研究壳聚糖凝胶及壳聚糖/明胶混合膜对大鼠腹腔粘连的预防作用。
将SD大鼠随机分为2组,A组用壳聚糖凝胶处理,B组用壳聚糖/明胶混合膜处理。A组大鼠再随机分为3个亚组,即A1、A2和A3组,每组在盲肠末端采用不同方法诱导腹腔粘连,具体如下:A1组采用创伤法,A2组采用滑石粉法,A3组采用血管结扎法。每个亚组再分为对照组和实验组,诱导粘连处理后,分别立即在处理的盲肠上涂抹壳聚糖凝胶和生理盐水。B组所有大鼠均接受创伤性粘连诱导处理,然后随机分为4组(B1、B2、B3、B4组)。B1组作为对照组,处理后立即在盲肠上涂抹生理盐水,B2、B3和B4组分别涂抹100%壳聚糖膜、含10%明胶的壳聚糖膜和含50%明胶的壳聚糖膜。上述处理后2周和4周,每组半数大鼠剖腹,对腹腔粘连情况进行分级,并检查组织病理学变化。

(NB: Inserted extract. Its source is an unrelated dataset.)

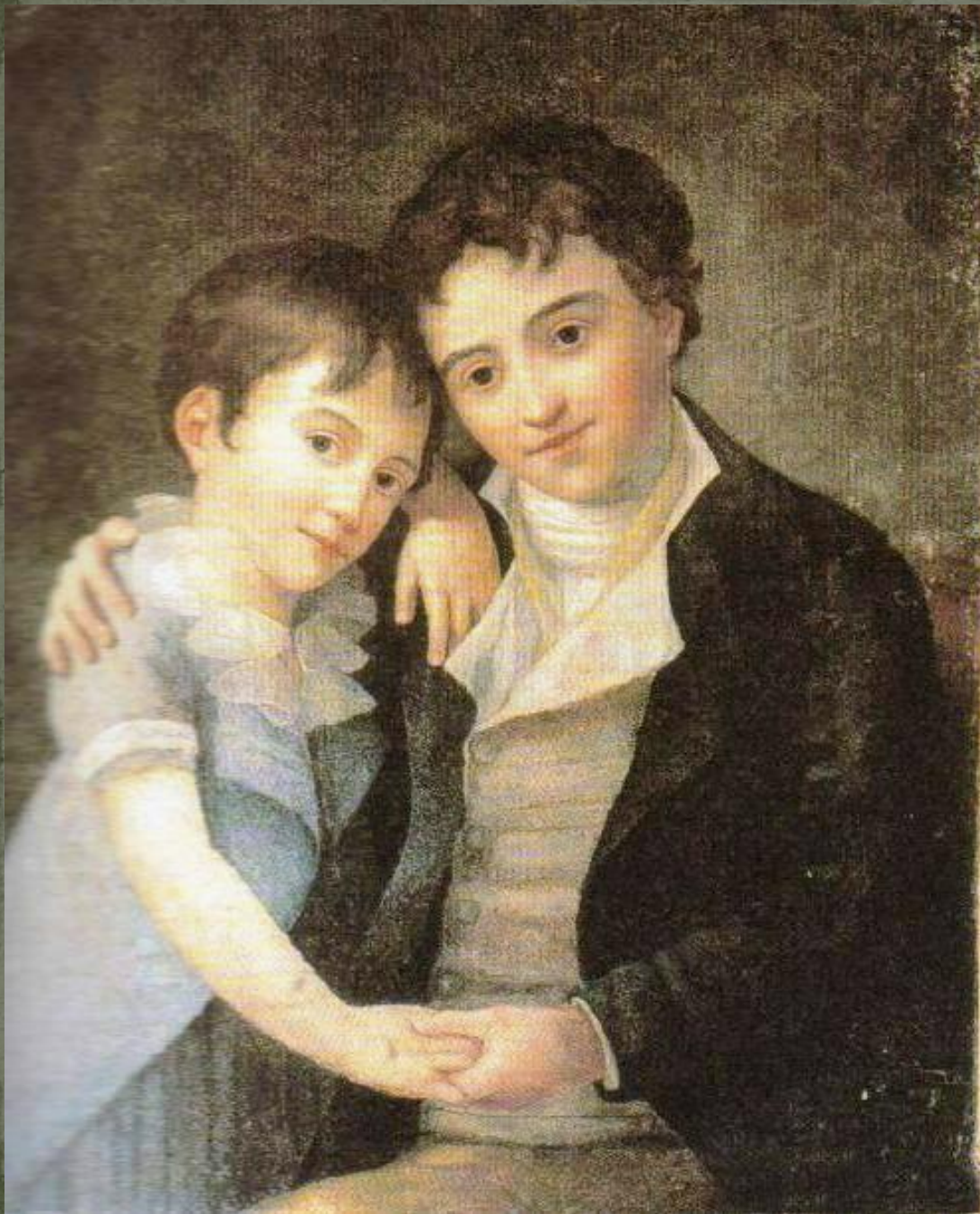
Дети А.В. Моцарта Франц Ксавер Вольфганг и Карл Томас.

(1)A组,腹腔粘连情况:处理后2周和4周,A1和A3组实验组粘连分级均显著低于对照组(2周:A1组H = 4.305,P < 0.05;A3组H = 6.743,P < 0.01;4周:A1组H = 4.459,P < 0.05;A3组H = 4.493,P < 0.05)。然而,A2组实验组与对照组之间无显著差异(2周:H = 0.147,P > 0.05;4周:H = 1.240,P > 0.05)。组织病理学变化:A1和A3组主要病理变化为纤维组织增生。A2组主要变化为大量异物巨细胞反应和肉芽肿形成,并伴有不同程度的纤维组织增生。(2)B组,膜的降解情况:随着混合明胶浓度的增加,膜的降解速度显著加快。腹腔粘连情况:处理后2周和4周,B1组粘连分级在B组的4个亚组中最低(2周:H = 29.679,P < 0.05;四、周:H = 18.791,P < 0.05)。处理后2周,B2组分级显著低于B3和B4组(B2与B3比较:H = 4.025,P < 0.05;B2与B4比较:H = 4.361,P < 0.05)。4周时,B2、B3和B4组分级无显著差异。组织病理学变化:局部处理的浆膜可见炎性细胞浸润和纤维组织增生,B1组最轻微。B2、B3和B4组也有轻微的异物巨细胞反应。
(1)壳聚糖凝胶对创伤性或缺血性腹腔粘连有预防作用,但对异物性腹腔粘连无明显作用。(2)壳聚糖膜可能会加重腹腔粘连。壳聚糖膜与明胶混合可加速膜的降解,但同时也会促进腹腔粘连的形成。